John Clark

Personal information
- Nationality: Australian
- Born: 10 January 1948 (age 78)

Sport
- Sport: Rowing
- Club: Mosman Rowing Club

Achievements and titles
- National finals: King's Cup 1968–72

= John Clark (Australian rower) =

Australian rower

John Clark (born 10 January 1948) is an Australian former rower. He was a six-time national champion who competed at world championships and in the men's eight event at the 1972 Summer Olympics.

==Club and state rowing==
John Clark was educated at Sydney Grammar School where he took up rowing. He rowed in the Grammar first VIII in both his senior years of 1964 and 1965. He joined the Mosman Rowing Club straight out of school and his senior club rowing was from Mosman. At Sydney University while studying Agricultural Science he also rowed and was seated at 5 in the Sydney University Boat Club senior eight for the 1967 Intervarsity Championships. the Nepean River.

In Mosman crews Clark contested both the coxed and the coxless four events at the 1970 Australian Rowing Championships and he won the national title in the coxless four. He won both the national coxed pair and the coxless four titles in Mosman crews in 1975 and in 1976 he again contested both the coxed and the coxless four events and won the coxless four national championship. His final year of Sydney club rowing was from the Drummoyne Rowing Club and coached by Rusty Robertson.

He first made state selection for New South Wales in the men's eight which contested and won the 1968 King's Cup at the annual Interstate Regatta. He raced in further New South Wales King's Cup crews in 1969, 1971 and 1972 and saw a second victory in 1972.

==International representative rowing==
Six members of the New South Wales winning King's Cup eight of 1968 were selected into the Australian eight to contest the 1968 Mexico City Olympics but excluding Clark and John Nickson. However Clark and Nickson were named as reserves close to departure, travelled to Mexico and rowed as a pair in a lead-up race.

The entire New South Wales winning King's Cup eight of 1972 was picked as the Australian eight to compete at the 1972 Munich Olympics.
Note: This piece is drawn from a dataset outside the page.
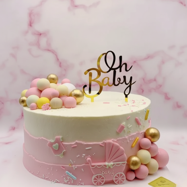 The gold “oh BABY” topper makes a bold first impression, but the rest of the cake is actually really chill and sweet. The top half is a soft cream, then down into a dreamy pink, almost like frosting dipped into blush. Super minimal texture, but the details really pop gold pearls, shiny globes, soft shimmer. Cute without trying too hard.
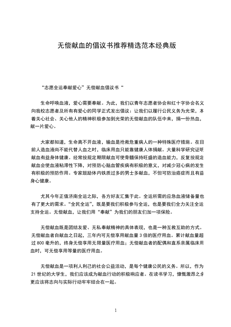 “志愿全运奉献爱心”无偿献血倡议书“

Clark rowed in the six seat of that boat when they rowed to an eighth-place finish in Munich.

In 1975 as the Australian champion coxed pair Clark, Michael Crowley and coxswain Terry O'Hanlon were selected to race Australia's coxed pair at the 1975 World Rowing Championships in Nottingham. They were eliminated in the repechage.

==Coaching==
After university Clark taught high-school history and science and also coached rowing at Cranbrook School (1976), at St Joseph's College, Hunters Hill (1977–78) and then the Shore School. He. moved to country New South Wales in 1980, to run a pastoral property near Warialda.